Supplied information:
++++

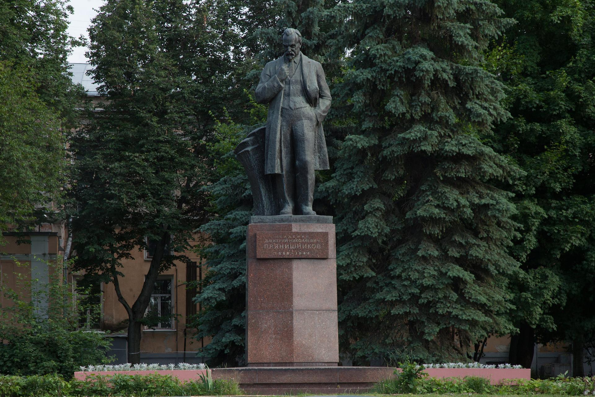 Памятник Д. Н. Прянишникову установлен в 1973 г. перед Научно-исследовательским институтом удобрений и агропочвоведения им. Д. Н. Прянишникова (на улице его же имени, дом 6). Ученый изображен в полный рост, одет в костюм-тройку и пальто. Голова опущена вниз, лицо задумчивое, левая рука опущена в карман брюк.
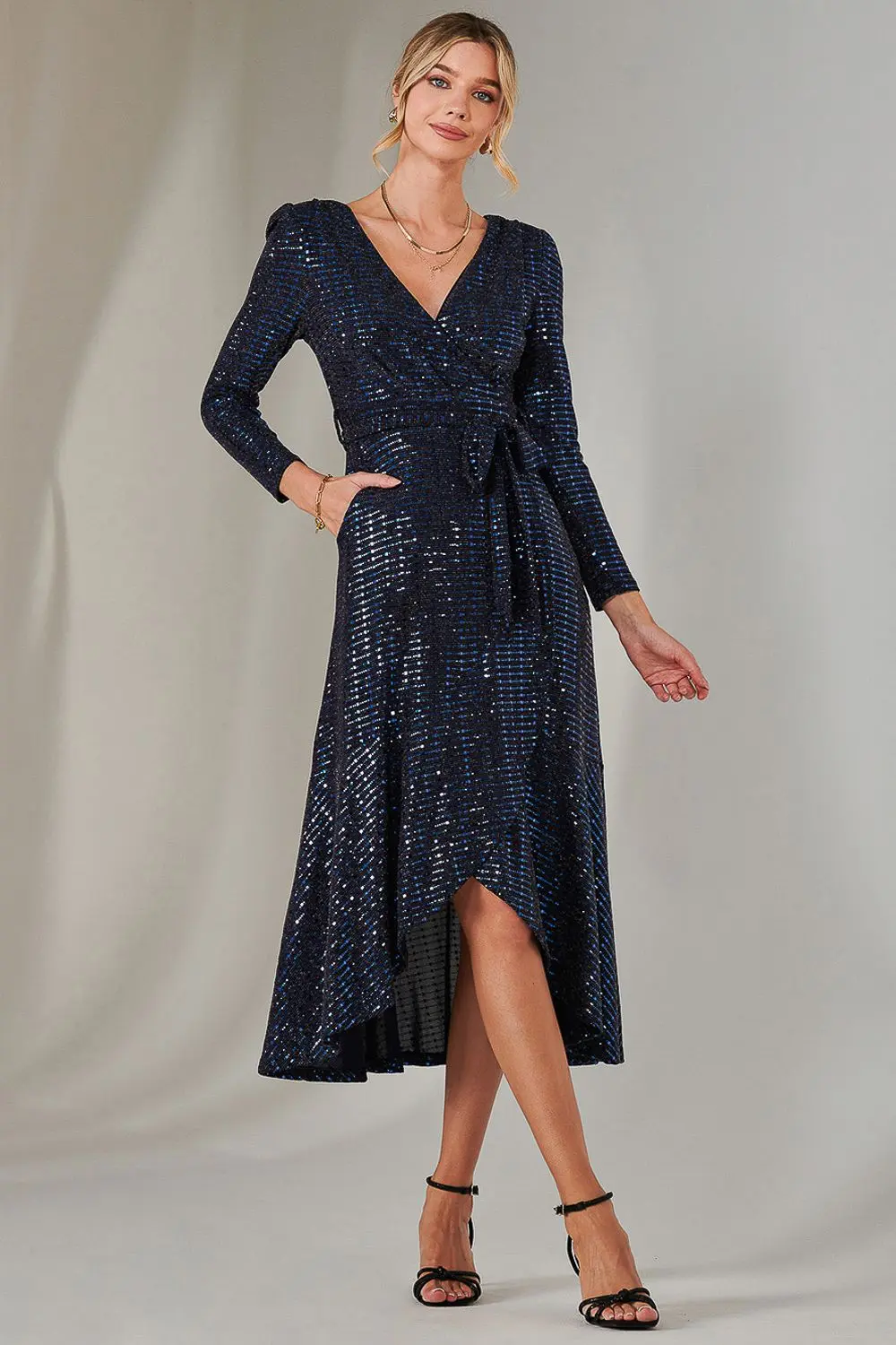 Jolie Moi Women's Long Sleeve Metallic Spot Maxi Dress in Navy
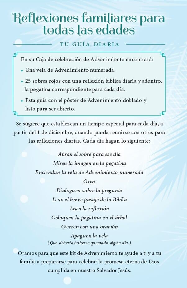Celebrate Advent with God’s Promise Kept. This Spanish version Advent kit provides children and families a memorable way to celebrate Advent as you prepare for the birth of Jesus. Point the whole family to Jesus with daily Scripture readings and Bible reflections. This kit takes you from Genesis through the birth of our Savior with 25 Scripture passages and daily reflections.
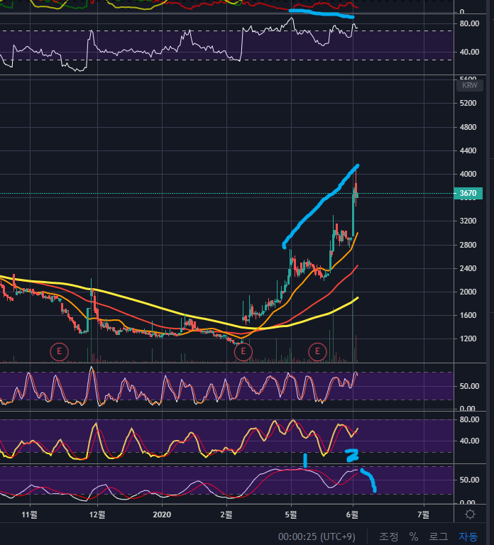 1천원 저점에서 4천원 고점까지 상승하였으니 4배 상승한 것이네요. 이렇게 상승피로도가 심하고, 하락시그널이 나오는 종목은 추격매수하기 보다는 눌림목을 기다리는 것이 좋습니다.

++++

What is being asked:
Please print the span that begins at the line holding "Celebrate Advent with" and ends at the last line of the data, both ends included, with no pictures.

Reply:
Celebrate Advent with God’s Promise Kept. This Spanish version Advent kit provides children and families a memorable way to celebrate Advent as you prepare for the birth of Jesus. Point the whole family to Jesus with daily Scripture readings and Bible reflections. This kit takes you from Genesis through the birth of our Savior with 25 Scripture passages and daily reflections.
 1천원 저점에서 4천원 고점까지 상승하였으니 4배 상승한 것이네요. 이렇게 상승피로도가 심하고, 하락시그널이 나오는 종목은 추격매수하기 보다는 눌림목을 기다리는 것이 좋습니다.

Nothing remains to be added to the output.